From Capture to libusb
Once the protocol is understood, libusb-1.0 is the standard way to speak it from userspace without writing a kernel driver. The library communicates directly with the USB core through /dev/bus/usb/, bypassing whatever class driver the kernel has attached to the device.
#include <libusb-1.0/libusb.h>
libusb_context *ctx;
libusb_device_handle *dev;
libusb_init(&ctx);
dev = libusb_open_device_with_vid_pid(ctx, 0x046d, 0xc52b);
if (libusb_kernel_driver_active(dev, 0))
libusb_detach_kernel_driver(dev, 0);
libusb_claim_interface(dev, 0);
uint8_t cmd[] = { 0x10, 0x01, 0x00, 0x00 };
libusb_control_transfer(dev,
0x40, /* bmRequestType: vendor, device, OUT */
0x01, /* bRequest */
0x0000, /* wValue */
0x0000, /* wIndex */
cmd, sizeof(cmd), 1000);
uint8_t report[64];
int transferred;
libusb_interrupt_transfer(dev, 0x81, report, sizeof(report),
&transferred, 0);
libusb_release_interface(dev, 0);
libusb_close(dev);
libusb_exit(ctx);
Compile with gcc -o driver driver.c $(pkg-config --cflags --libs libusb-1.0). If you want to avoid running as root, write a udev rule that grants group access to the device node:
SUBSYSTEM=="usb", ATTRS{idVendor}=="046d", ATTRS{idProduct}=="c52b", \
MODE="0666", GROUP="plugdev"
For continuous reading, use the async API: libusb_fill_interrupt_transfer with a callback that resubmits the transfer on each completion gives you a clean event loop. The synchronous libusb_interrupt_transfer call above blocks until one report arrives, which is fine for experimenting but will miss reports during the blocking period if the device sends them at high frequency.
The Projects This Enabled
The usbmon and libusb workflow has produced some significant software.
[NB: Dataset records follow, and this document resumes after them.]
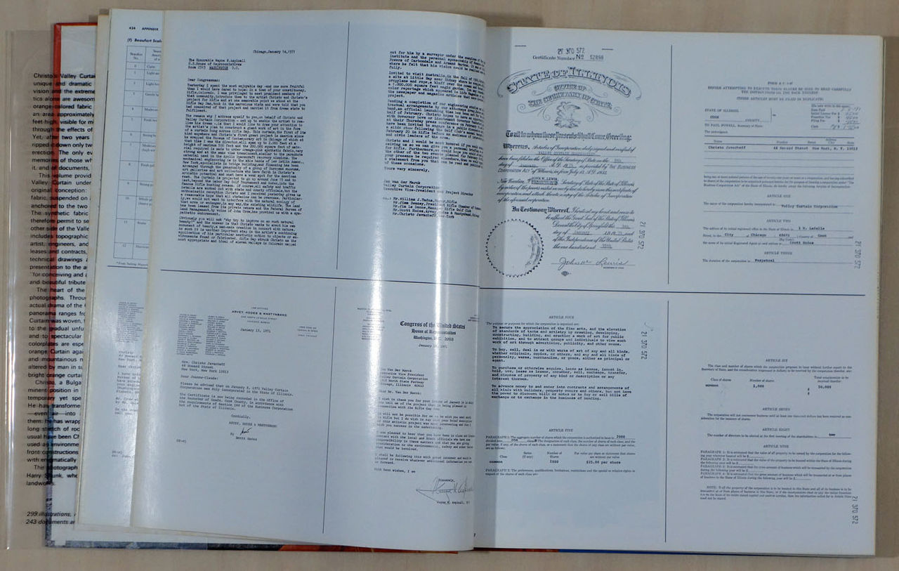 70年の作品集の縁もあってか、「覆われた海岸線」に続いた実現した大規模なプロジェクト、「ヴァレー・カーテン」の記録集はエブラムスの出版になりました。縦31センチ、横25センチ、厚さも3センチ弱ある「立派」な一冊です。このプロジェクトでは、州当局との交渉や、エンジニアリング会社との調整などにも多くの時間が費やされたことから、前の2冊を遙かに凌ぐ数のドキュメント類と交渉過程、工事中の写真が収録され、全351頁の内の約300頁を占めています。もちろん、完成したプロジェクトを様々なアングルで捉えた写真も50頁近く掲載されています。
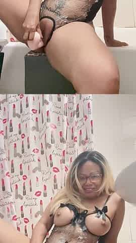 LaSirena69 gets oiled up and fucked through the hole in her bodystocking
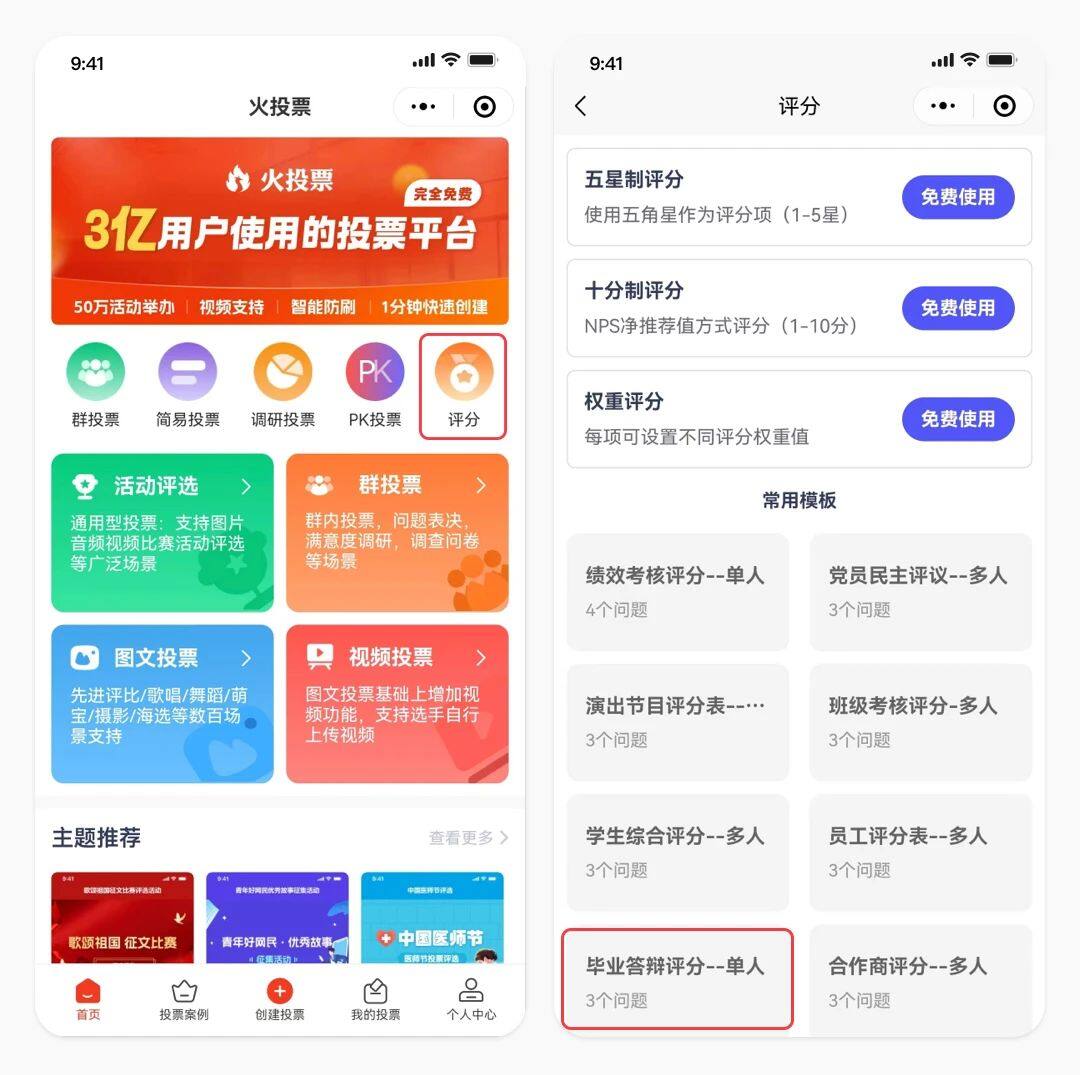 2.进入小程序首页 火投票新推出的评分投票功能:里面包含了很多种评分投票模板,选择毕业答辩评分。

The OpenKinect project reverse engineered Microsoft’s Kinect sensor in 2010 using USB captures before any official SDK existed, decoding isochronous streams for depth and color video plus the motor control protocol, entirely from pcap analysis. Solaar, the Linux manager for Logitech Unifying receivers, was built on reverse-engineered HID++ protocol captures, exposing device pairing, battery status, and per-device configuration that the vendor only supported on Windows. OpenRGB has reverse engineered USB protocols for dozens of RGB peripheral controllers from Corsair, NZXT, ASUS, and others using the same approach.
Each of these projects started with someone running modprobe usbmon, opening Wireshark, and interacting with the vendor’s software while watching the packet list. The USB protocol’s deterministic structure and the kernel’s clean capture interface made that a viable starting point for building fully independent implementations.
On Windows, USBPcap provides the same capability through a kernel filter driver that integrates with Wireshark. The capture format is compatible, so pcap files from either platform are interchangeable.
What Wireshark Cannot See
Software-based capture has one meaningful blind spot: it only sees traffic after the OS has enumerated the device. Traffic during firmware updates, in a device’s bootloader mode, or before kernel USB stack initialization is invisible to usbmon. For those cases, a hardware sniffer that taps the physical USB lines directly is necessary. OpenVizsla and the LUNA FPGA-based analyzer are open hardware options in the $80 to $200 range; commercial equivalents from Total Phase cost considerably more. For most reverse engineering work against devices with normal enumeration behavior, usbmon is sufficient; knowing the limitation matters when it is not.
The Wireshark-based workflow is not a workaround or a hack. It is the standard methodology that the open-source USB driver community has relied on for fifteen years. The tooling is mature, the capture format is well-documented, and the protocol’s host-centric design guarantees that every transfer you need to understand will appear in the capture without exception.